First Hit:  After seeing two films that were dogs, seeing such a full, interesting, insightful, and dynamic film like this one supports my faith in the ability of film to tell a great story.

This film is so real and dynamically interesting that I walked out of the theater thinking; WOW, how amazing to see something this genuine and how brave of them to share their life so fully and intimately. I was in awe.

A good documentary can and will hold the audience’s attention as good or better than any other type of film because it is factual. This film does it in spades. Witnessing Anthony Weiner give amazing speeches as a U.S. Congressmen from New York for the support of 9-11 responders was powerful.

You see that he's a fighter and takes no prisoners in his beliefs. He's got guts and commitment. His weakness is technology and using that technology to send text message pictures of his hardened (covered and uncovered) penis to women. This obsession forces him to quit congress.

After he supposedly went to rehab and got this behavior under control, the film follows him as he runs for mayor of New York City. He takes a lot of heat for his past behavior and he’s harassed at every stop he makes on the campaign trail.

The documentary shoots him, at home, with his wife Huma Abedin (top aide to Hillary Clinton), and their child. Watching Huma go through her feelings and emotions about what her husband did was so difficult and real.

What also made this film work is that Weiner continued to let them film as he was once again he's rightfully accused on continuing his bad-boy behavior of sending explicit text messages and having phone sex (up to 5 times a day) with Sydney Leathers. Allowing the filmmakers to continue to film him as these second accusations became public was astounding.

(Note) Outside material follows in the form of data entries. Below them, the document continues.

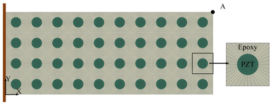 A piezoelectric composite structure composed periodically distributed unit cells (4 × 10) is considered in the first example. As indicated in Figure 4, the whole size of the square unit cell is 60 mm × 60 mm. The unit cell is made of two types of materials (Epoxy and PZT-7A). The diameter of the circular piezoelectric fiber is 30 mm. The left end of this structure is firmly fixed. The bottom temperature value is set to 100 °C, while the value for the top face is set to 500 °C. At the same time, the electrical potential at this part of the structure is set to zero. The material constants for the piezoceramic and non-piezoelectric matrix are listed as follow:
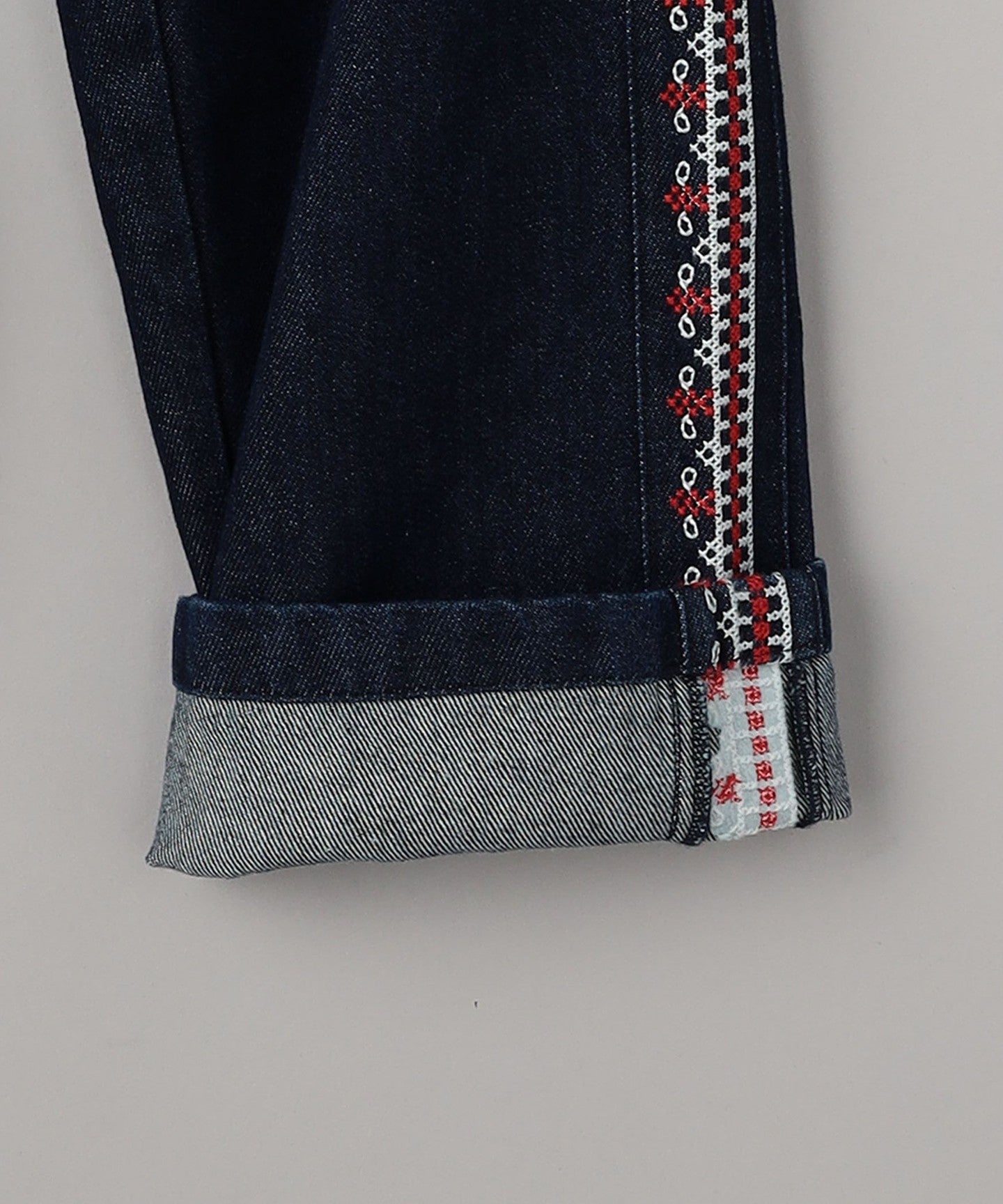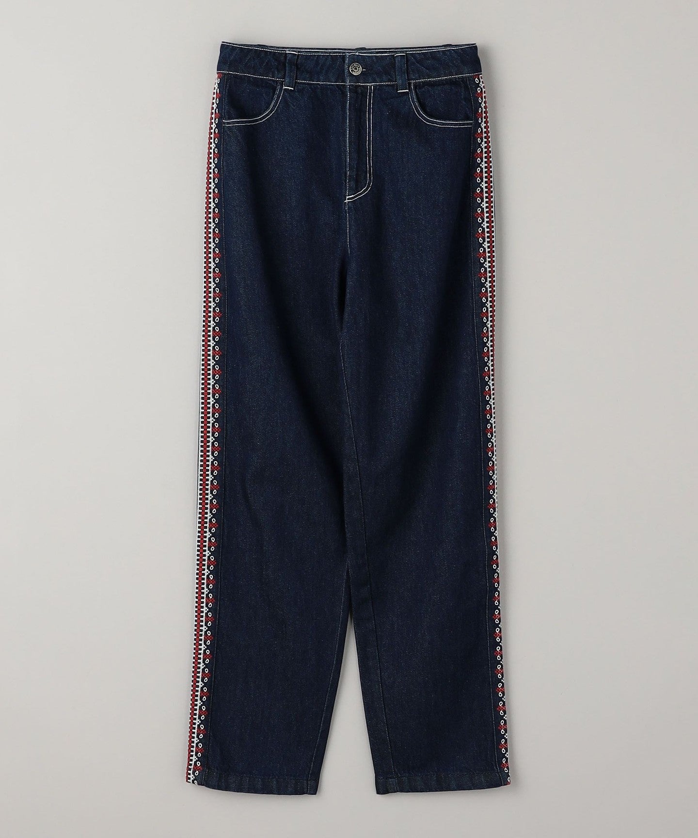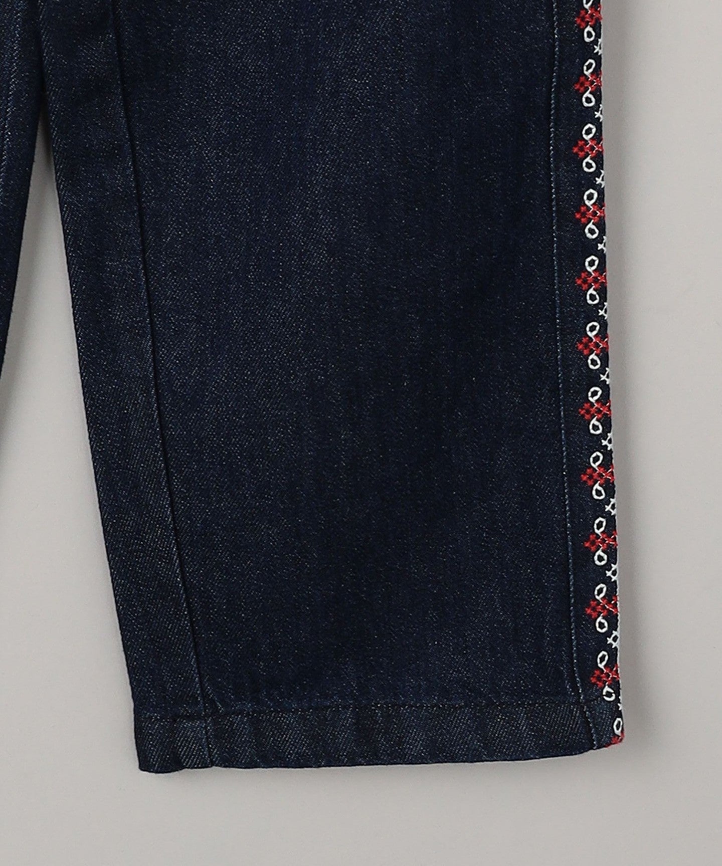 Denim pants with ecru and red embroidery on the sides.
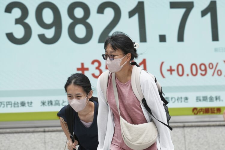 MANILA, Philippines (AP) — World shares mostly fell on Friday even as U.S. stocks climbed further into record heights as the clock ticks on President Donald Trump's July 9 tariff deadline.
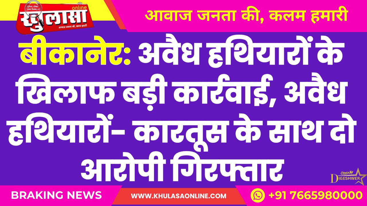 बीकानेर: अवैध हथियारों के खिलाफ बड़ी कार्रवाई, अवैध हथियारों- कारतूस के साथ दो आरोपी गिरफ्तार
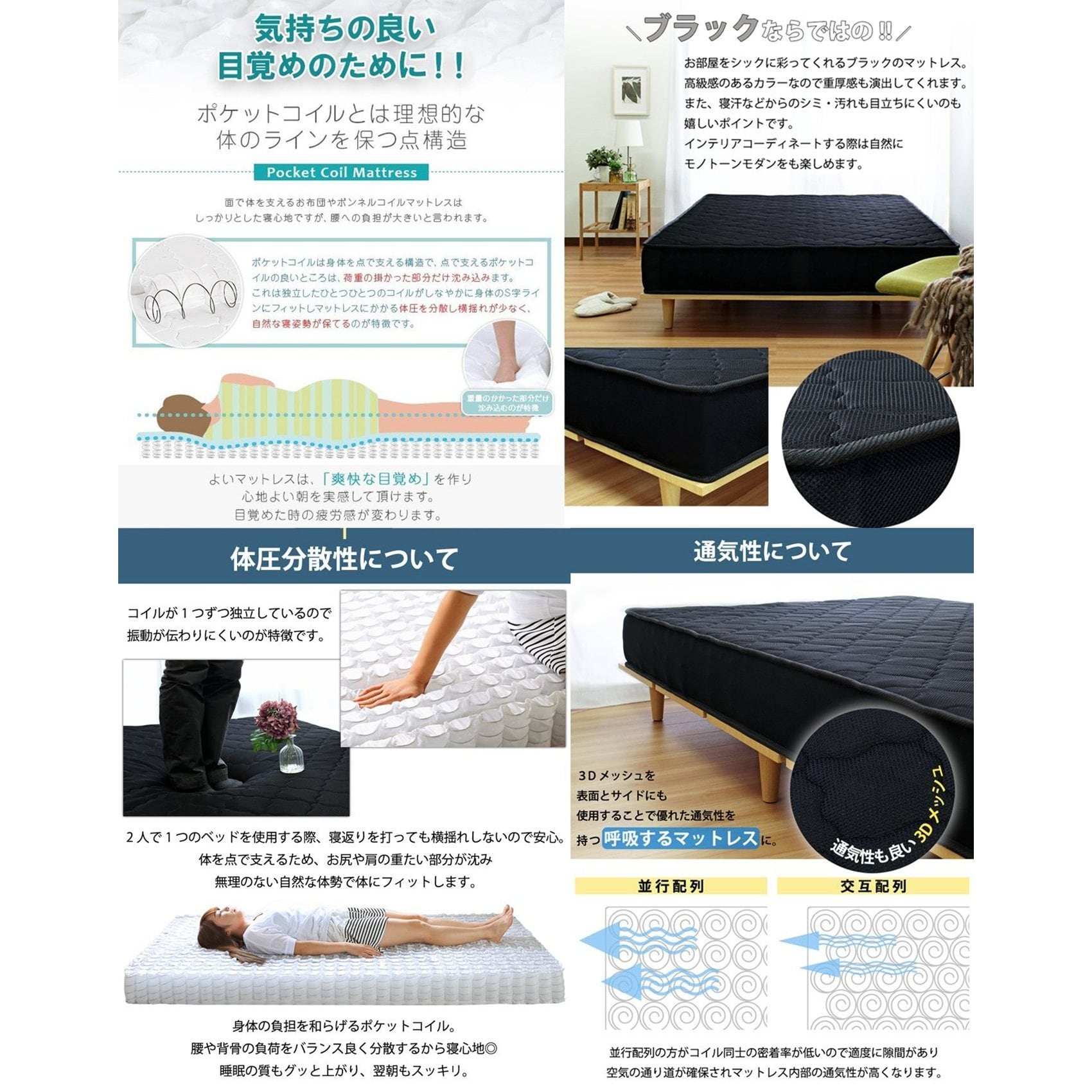 ポケットコイルマットレス【ブラック(やや硬め)】セットのページです。
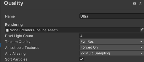 비등방성 필터링이 얼마나 적용될 지는 Aniso Level로 제어됩니다. 1이면 활성화되어 최소한의 효과를 제공합니다. 16에서는 최대 효과를 제공합니다. 그리고 이러한 설정은 프로젝트의 quality setting의 영향을 받습니다.
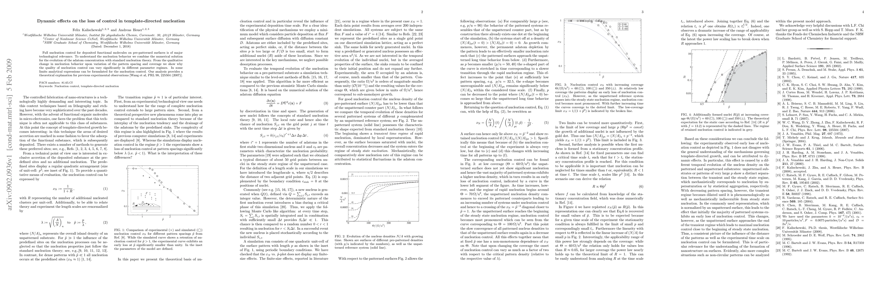 Full nucleation control for deposited functional molecules on pre-patterned surfaces is of major technological relevance. To understand the nucleation behavior we combine the numerical solution for the evolution of the adatom concentration with standard nucleation theory. From the qualitative change in nucleation behavior upon variation of the pattern spacing and coverage we show why the quality of nucleation control can vary significantly in different parameter regimes. In some limits analytical expressions can be formulated for the nucleation control. Our analysis provides a theoretical explanation for previous experimental observations [Wang et al, PRL 98, 225504 (2007)].
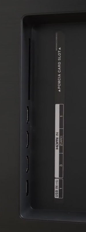 Боковая панель оснащена тремя входами HDMI v2.0 (один из которых совместим с ARC), одним разъемом USB 2.0 и слотом условного доступа CI+. Кроме того на борту имеется встроенный Wi-Fi с высокоскоростным методом соединения 802.11ac и адаптер Bluetooth.

Just prior to the latest set of admitted transgressions, he was ahead in the polls, but then slid badly to the bottom of the list. All this time the camera continues to roll and we see the dynamic difficulty in his life, Huma’s life, and the lives of all the people who worked for and supported him.

Josh Kriegman and Elyse Steinberg co-directed this documentary and I have to applaud them for being able to keep the film flowing, while we watch Weiner and Abedin deal with his ego, political drive and transgressions. The editing of this film was fantastic.

Overall:  This was an amazing story to watch and very revealing about how human character can be amazingly varied and different.